Mohamed R. Shoaib scite author profile

This article is mainly concerned with COVID-19 diagnosis from X-ray images. The number of cases infected with COVID-19 is increasing daily, and there is a limitation in the number of test kits needed in hospitals. Therefore, there is an imperative need to implement an efficient automatic diagnosis system to alleviate COVID-19 spreading among people. This article presents a discussion of the utilization of convolutional neural network (CNN) models with different learning strategies for automatic COVID-19 diagnosis. First, we consider the CNN-based transfer learning approach for automatic diagnosis of COVID-19 from X-ray images with different training and testing ratios. Different pre-trained deep learning models in addition to a transfer learning model are considered and compared for the task of COVID-19 detection from X-ray images.

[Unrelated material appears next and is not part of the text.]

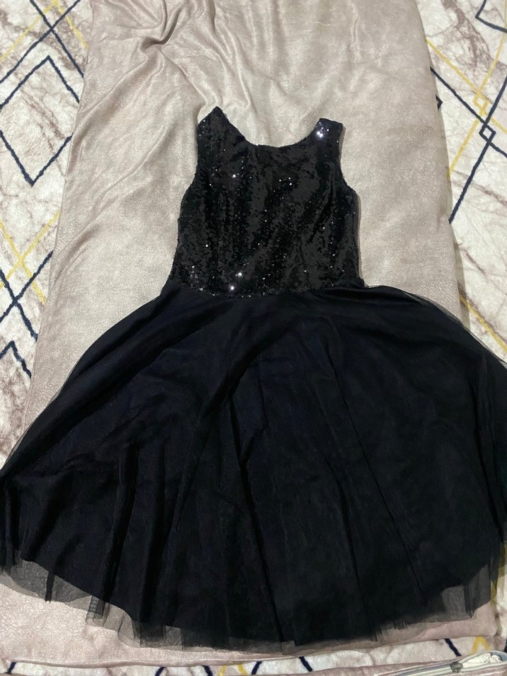 Siyah, parlak detaylı, kolsuz ve V yakalı, gövdeye oturan midi elbise, gotik parti tarzına uygun. ✨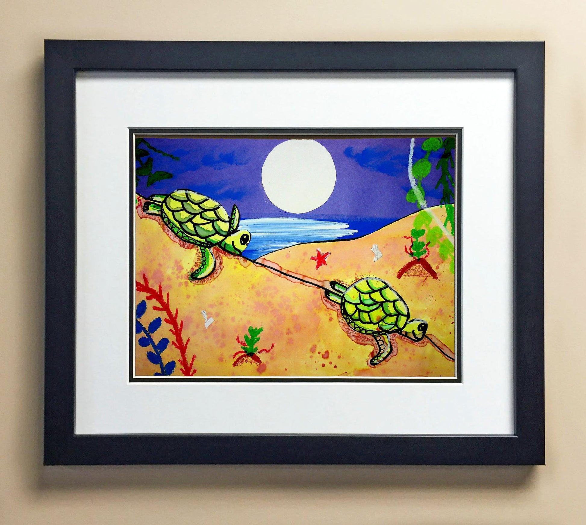 Included with the purchase is the Students Artwork, Frame, double matboard, shatter proof plexiglass, and a ready to hang backerboard with turnbuttons

Confusion matrices of these studied models are presented and analyzed. Considering the performance results obtained, ResNet models (ResNet18, ResNet50, and ResNet101) provide the highest classification accuracy on the two considered datasets with different training and testing ratios, namely 80/20, 70/30, 60/40, and 50/50. The accuracies obtained using the first dataset with 70/30 training and testing ratio are 97.67%, 98.81%, and 100% for ResNet18, ResNet50, and ResNet101, respectively. For the second dataset, the reported accuracies are 99%, 99.12%, and 99.29% for ResNet18, ResNet50, and ResNet101, respectively. The second approach is the training of a proposed CNN model from scratch. The results confirm that training of the CNN from scratch can lead to the identification of the signs of COVID-19 disease.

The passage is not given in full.